Love is like a day, it goes away. But you keep hoping because you know that there will be another.

Now I'm bored of writing. I'll go back, lay down on my bed and do nothing as usual.

Love

Sometimes I wonder what would my life be like if I lived it the way I think. Surely messed up and lonely.
Noticing that the only person who will always love you, no matter what, is your mom and wonder why she loves you makes me shiver. The worst part is that I'm not even trying to make her love me. Her love is just there, immortal. It doesn't really bother me, I'm just curious. Now don't tell me about that mother intuition crap.
Anyway, I'm not trying to be loved by people. I am simply loved by some people. I just wonder why. What makes them love me? Why me? and why does it last ?
Life is short, you get one chance, one shot. When you die, you don't get to see the "Game Over" sign with a restart option under it. So live, do, say. Well, mostly do. Acting is way more important than saying, but yeah...
It's Christmas.

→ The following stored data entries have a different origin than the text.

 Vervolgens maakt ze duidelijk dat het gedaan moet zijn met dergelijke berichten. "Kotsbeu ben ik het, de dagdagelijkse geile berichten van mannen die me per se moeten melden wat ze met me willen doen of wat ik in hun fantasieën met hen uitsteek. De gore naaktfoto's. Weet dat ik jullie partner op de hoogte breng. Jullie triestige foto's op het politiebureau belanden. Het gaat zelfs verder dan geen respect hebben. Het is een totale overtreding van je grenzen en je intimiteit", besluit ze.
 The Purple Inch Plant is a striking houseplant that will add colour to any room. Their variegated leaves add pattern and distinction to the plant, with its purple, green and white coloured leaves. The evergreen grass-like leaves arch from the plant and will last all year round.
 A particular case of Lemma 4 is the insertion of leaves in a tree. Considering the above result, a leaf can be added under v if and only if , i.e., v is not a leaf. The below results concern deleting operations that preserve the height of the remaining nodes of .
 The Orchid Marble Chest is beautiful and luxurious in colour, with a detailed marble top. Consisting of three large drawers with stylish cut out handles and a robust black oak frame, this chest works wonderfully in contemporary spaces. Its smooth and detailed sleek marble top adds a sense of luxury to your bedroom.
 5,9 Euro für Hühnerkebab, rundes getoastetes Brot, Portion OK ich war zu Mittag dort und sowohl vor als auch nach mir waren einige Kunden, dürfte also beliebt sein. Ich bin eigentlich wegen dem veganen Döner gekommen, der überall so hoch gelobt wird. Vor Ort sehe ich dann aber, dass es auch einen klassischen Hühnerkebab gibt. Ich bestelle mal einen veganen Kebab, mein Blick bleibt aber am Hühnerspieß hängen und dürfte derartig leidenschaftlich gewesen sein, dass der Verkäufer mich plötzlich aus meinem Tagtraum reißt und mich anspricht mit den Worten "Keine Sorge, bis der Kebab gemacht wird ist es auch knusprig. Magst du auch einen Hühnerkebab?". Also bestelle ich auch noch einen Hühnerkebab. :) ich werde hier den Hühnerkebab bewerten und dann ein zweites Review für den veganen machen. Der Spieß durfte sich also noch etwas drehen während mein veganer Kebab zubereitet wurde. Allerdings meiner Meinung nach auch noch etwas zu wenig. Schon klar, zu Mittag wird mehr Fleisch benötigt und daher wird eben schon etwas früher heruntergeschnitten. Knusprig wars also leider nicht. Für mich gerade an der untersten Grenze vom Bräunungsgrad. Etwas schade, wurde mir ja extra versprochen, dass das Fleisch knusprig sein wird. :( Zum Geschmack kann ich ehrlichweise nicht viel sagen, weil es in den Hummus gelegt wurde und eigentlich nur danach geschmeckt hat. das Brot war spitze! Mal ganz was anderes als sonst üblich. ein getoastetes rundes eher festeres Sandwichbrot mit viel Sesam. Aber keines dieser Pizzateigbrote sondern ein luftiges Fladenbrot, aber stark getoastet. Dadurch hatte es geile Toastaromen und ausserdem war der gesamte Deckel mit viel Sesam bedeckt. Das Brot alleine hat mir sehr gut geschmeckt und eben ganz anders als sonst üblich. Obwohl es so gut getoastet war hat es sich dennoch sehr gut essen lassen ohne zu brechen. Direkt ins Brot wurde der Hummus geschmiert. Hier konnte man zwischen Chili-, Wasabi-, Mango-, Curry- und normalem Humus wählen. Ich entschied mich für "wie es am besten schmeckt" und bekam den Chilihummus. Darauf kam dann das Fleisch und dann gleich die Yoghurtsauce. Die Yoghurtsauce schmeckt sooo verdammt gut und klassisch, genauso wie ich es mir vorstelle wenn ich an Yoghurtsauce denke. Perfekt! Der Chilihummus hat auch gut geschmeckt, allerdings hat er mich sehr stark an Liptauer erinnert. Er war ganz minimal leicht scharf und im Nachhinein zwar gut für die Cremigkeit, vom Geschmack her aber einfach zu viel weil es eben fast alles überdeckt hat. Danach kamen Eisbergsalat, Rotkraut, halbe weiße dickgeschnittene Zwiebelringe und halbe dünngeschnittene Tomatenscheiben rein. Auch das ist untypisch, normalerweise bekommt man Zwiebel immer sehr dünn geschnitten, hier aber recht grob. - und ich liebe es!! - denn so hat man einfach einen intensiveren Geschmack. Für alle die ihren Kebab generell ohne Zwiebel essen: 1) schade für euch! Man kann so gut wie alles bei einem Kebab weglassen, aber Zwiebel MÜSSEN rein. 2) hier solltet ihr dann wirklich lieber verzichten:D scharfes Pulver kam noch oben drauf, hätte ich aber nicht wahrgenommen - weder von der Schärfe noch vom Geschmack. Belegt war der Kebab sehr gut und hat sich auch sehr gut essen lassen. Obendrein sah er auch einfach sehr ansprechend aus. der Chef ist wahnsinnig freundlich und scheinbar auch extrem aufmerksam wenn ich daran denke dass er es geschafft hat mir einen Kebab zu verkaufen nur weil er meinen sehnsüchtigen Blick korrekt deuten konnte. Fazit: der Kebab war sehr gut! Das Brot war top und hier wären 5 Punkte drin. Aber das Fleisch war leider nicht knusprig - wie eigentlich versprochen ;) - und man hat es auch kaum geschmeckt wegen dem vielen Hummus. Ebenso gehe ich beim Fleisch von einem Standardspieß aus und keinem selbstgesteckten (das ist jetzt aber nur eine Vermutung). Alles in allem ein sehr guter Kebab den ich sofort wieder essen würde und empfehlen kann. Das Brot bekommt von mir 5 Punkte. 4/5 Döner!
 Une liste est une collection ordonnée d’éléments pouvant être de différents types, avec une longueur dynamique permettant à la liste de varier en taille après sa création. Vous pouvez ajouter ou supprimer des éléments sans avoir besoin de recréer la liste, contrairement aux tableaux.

I'm not a believer. I consider this day as any other day of the year, just another day. Nothing so special about it. But I have to play the happy guy and wish everyone happy holidays. I also have to force myself to buy gifts for my family. Speaking of which, I suck at buying gifts. I can never figure out what to buy, worse, I can't even get the thought of buying gifts for people. I mostly force myself because I know I will get gifts and that I need to give back something in return. Hard part is finding something. I never know what to buy, I never know, nor notice what people like just to get a slice idea of what to get them. I guess they got used to that. I don't understand why they make such a big deal out of it. Anyway, this is starting to seem like some kind of rebellion from a teenager half gothic half emo.
I can't discribe myself because I don't know who I am and never will.

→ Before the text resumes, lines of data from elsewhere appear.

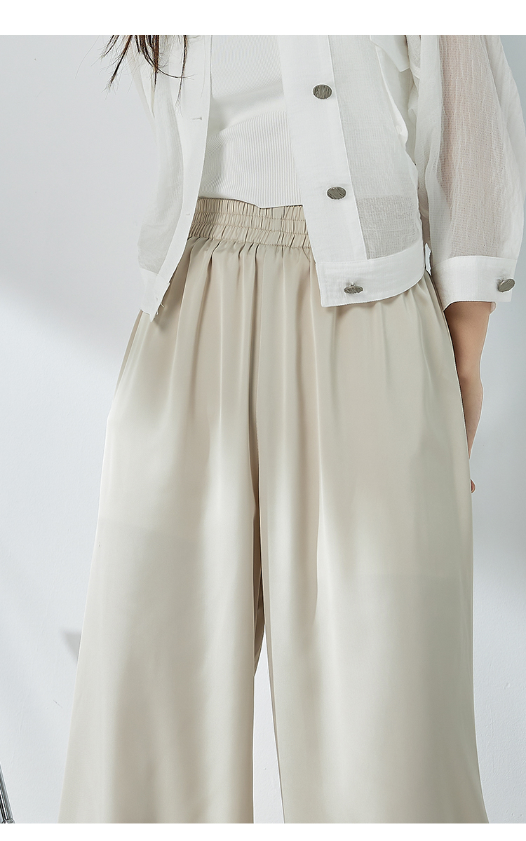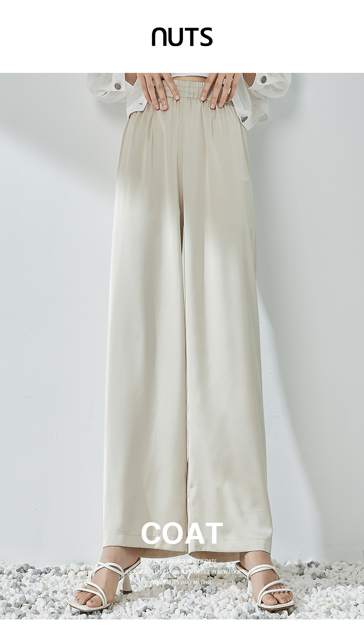 NUTS商场同款夏季纯色简约宽松松紧腰阔腿休闲长裤女325073313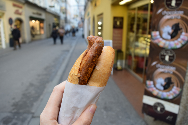 そして出来立て熱々を受け取る。ゲトライトガッセに戻って、食べながら歩く。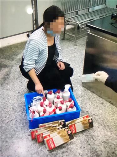 当天17时20分左右,女子秦某经拱北口岸旅检大厅海关“无申报通道”进境。关员观察到其身着黑色长裙,神色异常、步伐沉重,遂将其截查。经进一步查验,发现其在左右大腿、小腿处均绑藏了数瓶贵州茅台酒,经清点共计14瓶。目前,上述案件已按规定作进一步处理。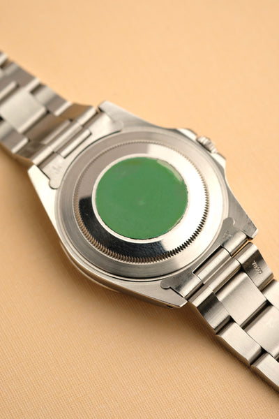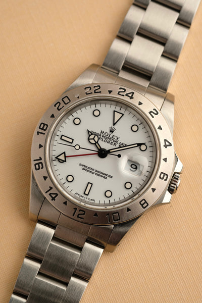 Description: This polar white dial 16570 has seen tremendous appreciation in 2020. Rolex was not known to make many all white dials similar to this Explorer and as such, these polar explorer 2’s have picked up quite the following. The case is very thick and retains the caseback sticker. Unlike the luminova or swiss only dials, the Tritium polar variants show off the yellow tritium the best as there is a stark contrast between the lume and the very white dial.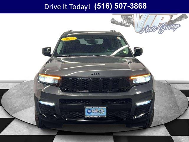 4WD capability and three-row comfort come together in this 2022 Jeep Grand Cherokee L 4D Sport Utility, ideal for family life and weekend escapes alike. Finished in Baltic Gray Metallic Clearcoat with Global Black leather seating, it blends refined style with everyday usability. The smooth 8-speed automatic and confident V6 deliver relaxed commuting and effortless highway cruising, while Normal Duty Suspension and four wheel independent suspension help keep the ride composed on rough pavement and wet roads. Inside, the cabin stays pleasantly quiet thanks to Active Noise Control, and the dual-pane panoramic sunroof brightens long drives with an open, airy feel.Capri leather seats offer all-day support, with heated front and second-row seats taking the sting out of cold mornings. A heated steering wheel warms quickly, and the power liftgate simplifies loading gear or groceries. The split-folding second row, reclining third row, and manual fold seatbacks create flexible space for passengers and cargo. Memory seat settings, power driver and passenger seats, automatic temperature control with front dual-zone A/C, and rear air conditioning tune the environment for everyone on board. The Black Appearance Package adds gloss black exterior accents, roof rails, and striking aluminum wheels to complete the look.Stay connected and in control with Uconnect 5 Nav on a 10.1 inch multimedia display featuring Apple CarPlay, Google Android Auto, HD Radio, and SiriusXM with 360L. A 4G LTE Wi-Fi Hot Spot keeps passengers online, while integrated voice command with Bluetooth and steering wheel media controls make it easy to handle calls and music without distraction. The 9 amplified speakers with subwoofer and 506 watt amplifier deliver rich, clear sound. GPS navigation, Connected Travel & Traffic Services, and an integrated center stack layout put key information right where you need it. An interior rear facing camera helps you check on second and third-row passengers at a glance.Safety and driver confidence are well covered with multiple airbags including knee airbags, ParkView Rear Back-Up Camera, Adaptive Cruise Control, Auto High-beam Headlights, Electronic Stability Control, 4-wheel disc brakes with ABS, traction control, and brake assist. Speed-sensitive wipers, fully automatic headlights, heated mirrors, and fog lights add visibility and convenience in changing weather, while the security system and remote keyless entry provide peace of mind & more.This Grand Cherokee L shows 59,634 miles. The Baltic Gray finish, gloss black accents, and thoughtfully tailored Global Black leather interior present a modern, upscale feel that suits daily commuting and long-haul road trips equally well.VIP+ ProgramEnjoy long-term value with our VIP+ Program. You get Unlimited Oil and Filter changes for 1 year, then included with every factory maintenance thereafter, plus Complimentary NYS Inspections, Complimentary Loaner Cars, and Complimentary 24/7 Rescue and Towing. These benefits are For Life and Transferable, adding confidence for you today and value for the next owner tomorrow.More About UsOur vehicles are hand selected for quality and long-term reliability, then thoroughly reconditioned prior to sale so you can purchase with confidence. Certified vehicles at our stores meet strict standards, including brake life no less than 50 percent, underscoring our focus on safety and durability. As a proud member of the VIP Auto Group serving the local community since 1957, we stand behind every sale with our promise, We Will Satisfy You!If you?re looking for a used car on Long Island that handles winter with confidence and everyday commuting with ease, this Grand Cherokee L brings the right mix of space, traction, and comfort. With 4WD, heated seats and steering wheel, and a quiet, well-equipped cabin, it is built for the Northeast?s changing seasons and the demands of family life in New York, all while delivering the long-term value shoppers want in an affordable used car.Call now, schedule a test drive, or learn more at WestburyJeep.com, where you can view up-to-date inventory and current pricing. New York shoppers are also invited to stop in and experience this 2022 Jeep Grand Cherokee L in person. Vehicle details and equipment are provided as a general overview and may vary by vehicle. Please confirm exact features with our team.

This isn't some writing where I ask for help or wonder about life. This is just a blog where I waste my time writing some text, some useless and meaningless thoughts that I will surely forget or reject tomorrow.

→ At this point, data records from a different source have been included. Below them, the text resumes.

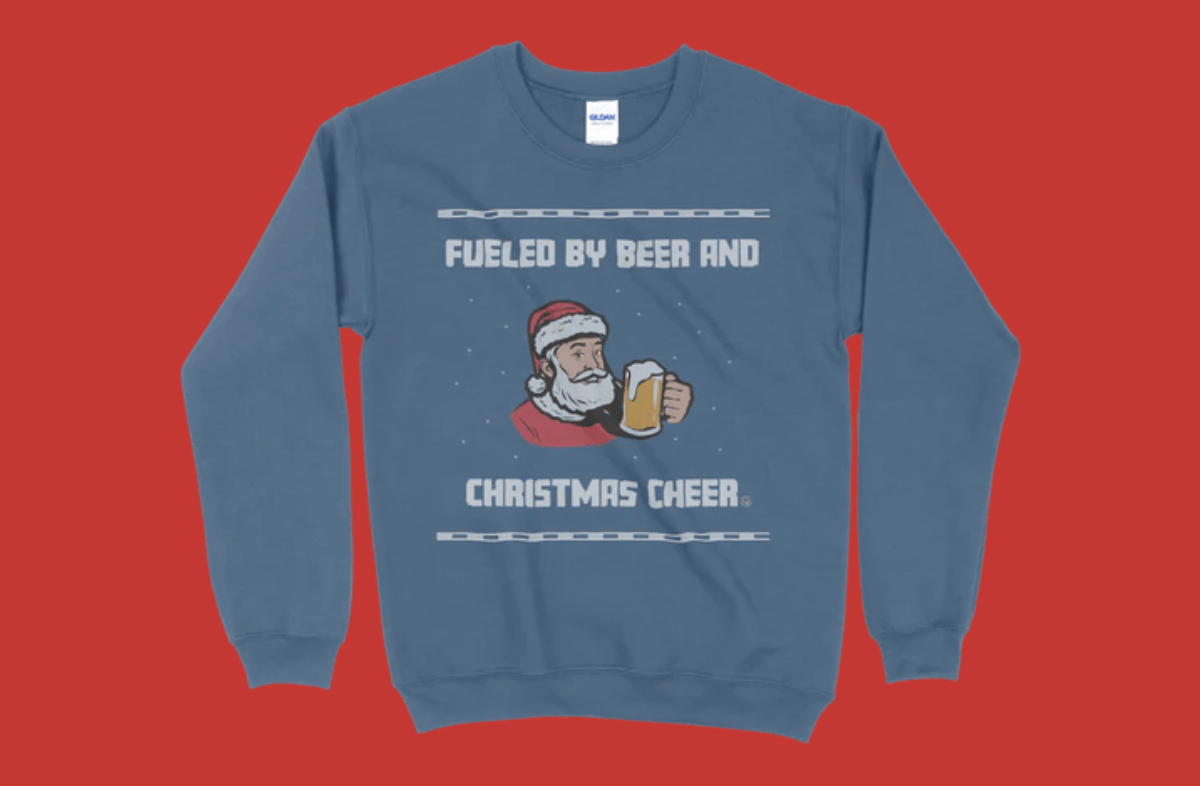 Then, there’s the Fueled by Beer and Christmas Cheer sweater, which (as it suggests) has the big man holding a beer (we’ll pretend it’s a Spotted Cow.)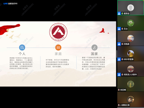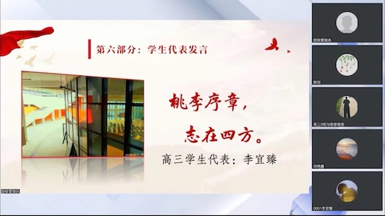 近日,人大附中朝陽學(xué)校高三年級“青春赤子國之棟梁”成人禮在線上隆重舉行。人大附中朝陽學(xué)校謝澤運(yùn)校長、鄧躍茂書記、閆艷晨副校長、楊正英副校長、李燕副校長、李梅副校長、劉云峰副校長、馮怡副校長、高傳利副校長、常淑霞副校長、代超副校長以及高三年級部全體師生和家長共同參與了這場青春的盛典,見證了這一激動(dòng)人心的時(shí)刻。本次活動(dòng)由高三年級主任助理王山、殷玥兩位老師擔(dān)任主持人。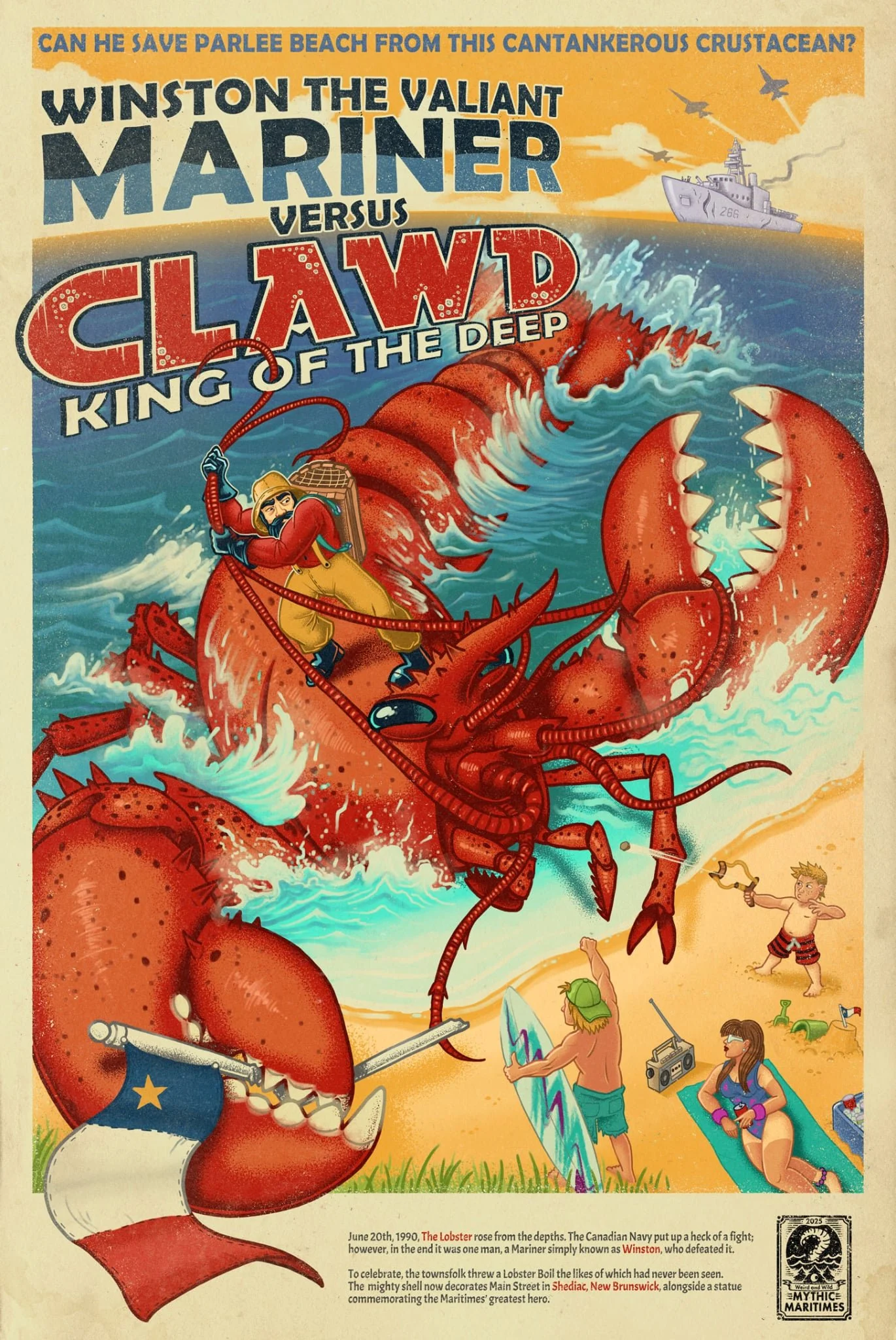 New Brunswick digital artist Tim Murray blends his background in game design and retro aesthetics to craft bold, cinematic visuals that celebrate imagination and local lore. As Creative Director at Gogii Games and the artist behind JetRex Design, his new series, Mythic Maritimes, reimagines Atlantic Canada’s wildest stories, sea monsters, legends, and ghostly encounters, through a vibrant, modern lens.

The only thing I need in my life besides eating, drinking and sleeping is you. Yes you. I can live by my own, I manage myself very well. No complaints here. But having you around changes everything. It's a new life. It's a life worth living. You feel like you're not wasting anything, like every minute is worthy. You don't even feel time passing by.
This post is kind of a melting pot. I'm just throwing ideas randomly.

Let's talk about love.
I can't seem to love someone. Not easily as normal people at least. That's if we can agree on the meaning of normal. The only girl I really loved had a boyfriend and I messed it up so bad I could just die right now. The other girl is also taken, no mess up, yet, but at least I got some kind of friendship. Who cares anyway. Life is boring without you. Family reunions are boring, especially when they come from a different educational background. Everything they say is worthless, meaningless and boring. I'm here, sitting around the table, with them, eating. Everyone is happy and exciting, talking about this and that. Some idiotic subject, non-sens conversations, useless argumentations. I'm here, watching, trying not to listen to this crap and wondering what I am doing here or saying inside me with that Homer voice "boring". There's also this little voice that says, well, it's your family, you have to stay, to endure them. They love you, no matter what. They want you here, with them, at this moment. All I think about is my bed. Sleep is good but also a waste of time. Heck Life itself is a paradox. Let's go back to love. Everyone is happy when they open their gifts, heart beat is high, eyes wide open, big smile. How exciting. The best part is to look at the face of the other person who actually bought the gift. Waiting for some kind of admiration and a thank you or a hug. I'm here sitting next to them and still wondering what I am doing here. And yet, I have been asking myself this question every year since 2006. That's the year when my life actually started. Everything older is just bogus. Rejected. Ignored. Forgotten.